Financial firms renting offices for their Lingang operations will be granted subsidies that cover their first three years of rent.
"We think preferential policies are needed to promptly attract a group of financial institutions to land in Lingang," said Wu Wei, a deputy director of the Lingang FTZ administration commission. "We hope financial institutions will play a leading role in developing the zone and supporting business activities."
Shanghai doubled the size of its FTZ last month to about 240 square kilometres by including part of Lingang, a previously untapped area linked to the Yangshan deep water port.
The geographic expansion of the Shanghai FTZ after six years of underwhelming development reflects the city's ambitions of creating a free marketplace on par with Hong Kong, where greater freedom will be granted to cross-border capital and cargo flows.
The street protests that have rattled Hong Kong, causing hotel occupancy, retail sales and property prices to plunge, have brought opportunity to mainland cities such as Shanghai and Shenzhen.
Wu said other incentives aimed at boosting Shanghai's prospects were also in the works, subject to approval by ministry-level authorities in Beijing.

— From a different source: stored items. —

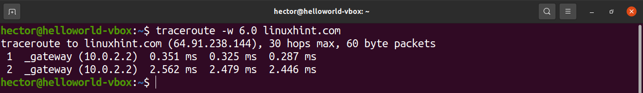 By default, traceroute waits for 5 seconds to receive a response. In certain situations, you may want to change the waiting time to be greater or less than 5 seconds. To do so, use the “-w” flag. Note that the time value is a floating-point number.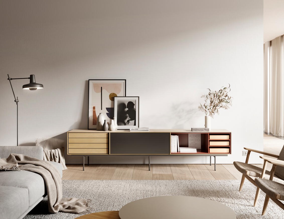 Тумба под ТВ Aura из дуба с открытыми элементами
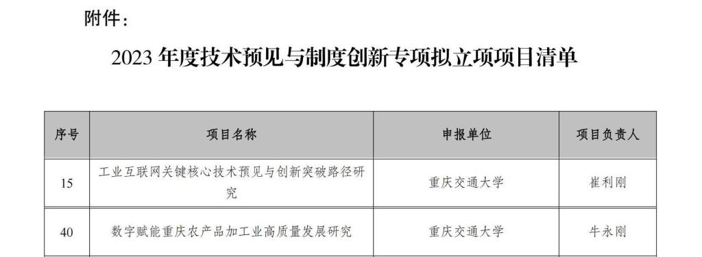 近日,经市科技局2023年第17次局长办公会审议,重庆市科技局公布《2023年度技术预见与制度创新专项拟立项项目清单公示》。公司崔利刚和牛永刚两位教师喜获立项。

It is widely expected that goods imported into the Lingang FTZ will face zero tariffs, a significant step for Shanghai bringing it in line with global gateway cities such as Hong Kong, Singapore and Dubai.
Government sources said the policies were prepared by the General Administration of Customs, but it is not known when they will be officially announced.
The expansion of FTZ into Lingang was carried out under the direction of President Xi Jinping, as a way of further opening up the Chinese economy to the world as it struggles under the wight of the grinding trade war.
Shanghai established the FTZ " mainland China's first " in 2013 with the aim of spearheading economic reform and financial liberalisation. But it has yet to live up to its promise, which included making the yuan fully convertible under capital accounts and allowing free cross-border cargo flows without any customs intervention.
Among the first batch of institutions that signed pacts with the Lingang FTZ administration on Friday were the mainland's largest five banks including Industrial and Commercial Bank of China.
But not a single foreign institutions was among them.